15 июл. 2011 г.

Между бунтом и карнавалом

У меня с советской властью разногласия не поли­тические, а эстетические.
Андрей Синявский, диссидент
Социология протеста — отрасль знаний, которая столь же тщательно конспирируется властью, сколь яйцо с иголкой Кощеем. Но как только оппозиция, требовавшая правды о настроениях общества (или сама их с потолка берущая), приходит к власти, тут же начинает заниматься тем же самым. Инстинкт продолжения рода. И этот же инстинкт порой пробуждает инстинкт самосохранения.
Есть анекдот, появившийся после теракта в США 11 сентября. О том, как самолет-«кукурузник» врезался в сельский сортир. И два кума, видя эту картину, мудро заключили: «Яка країна — такі й теракти».

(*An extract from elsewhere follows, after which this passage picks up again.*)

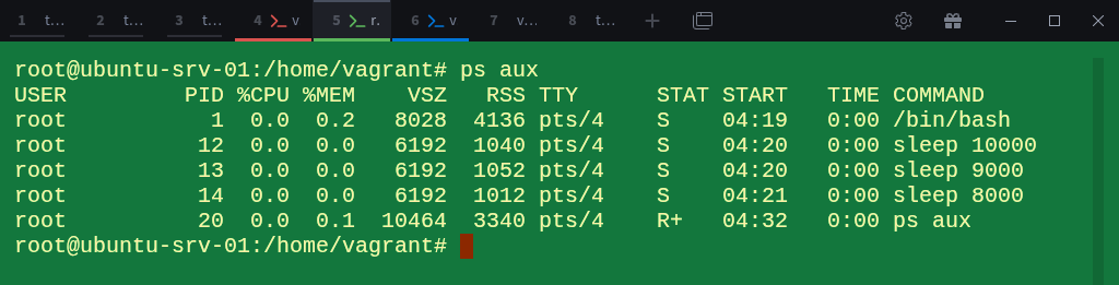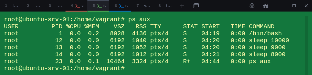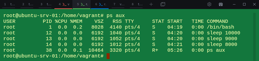 Inside the new PID namespace (child-ns-01), let’s create a few processes to see how they appear.

Какая страна — такие и протес­ты. На первый взгляд, в мире су­щест­вует этнический колорит протестных акций. Буддийские монахи сжигали себя в знак протеста против войны во Вьетнаме, индусы во главе с Ганди игнорировали британскую администрацию, ирландцы создали Ирландскую республиканскую армию. Латиноамериканцы столетиями чуть что — за оружие. В арабском мире — квазирелигиозная мода на взрывчатку. Американцы мирно пикетируют и демонстрируют (но в 60-х у негритянских «Черных пантер» было заведено показывать явившимся без спросу в гетто полицейским демонстративно разряженный дробовик и Библию). Про «русский бунт, бессмысленный и беспощадный», мы не только слышали от Пушкина, но и не раз были его жертвами.
Цитата из «Капитанской дочки» в первоначальной версии имела развернутую трактовку, а именно: «Не приведи Бог видеть русский бунт — бессмысленный и беспощадный. Те, которые замышляют у нас невозможные перевороты, или молоды и не знают нашего народа, или уж люди жестокосердные, коим чужая головушка полушка, да и своя шейка копейка».

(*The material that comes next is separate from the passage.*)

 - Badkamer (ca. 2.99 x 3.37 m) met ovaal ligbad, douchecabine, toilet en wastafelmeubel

Во всех наших разговорах о социальных протестах незримо присутствует марксистская составляющая, вирусообразно поселившаяся в общественном сознании после того, как отечественная политэкономия переименовалась в политологию (от этого мало что изменилось). Ее суть в том, что, дескать, появляются некие личности с особым масштабом мышления и, подумав, решают осчастливить соплеменников, предварительно ухудшив им жизнь под гарантии светлого будущего. Но Пугачев не стал бы Пугачевым, если бы царские воеводы вовремя вняли его просьбе о демобилизации по болезни. Не было бы и Степана Рази­на, если бы воевода Долгоруков не повесил его старшего брата за «самоволку». Да и Хмельницкий, получивший в награду за храбрость в вой­не против Московии золотую саблю от польского короля, и дальше был бы себе польским дворянином, если бы местечковый жлоб и завистник Чаплинский не разорил его имение и не поднял руку на семью.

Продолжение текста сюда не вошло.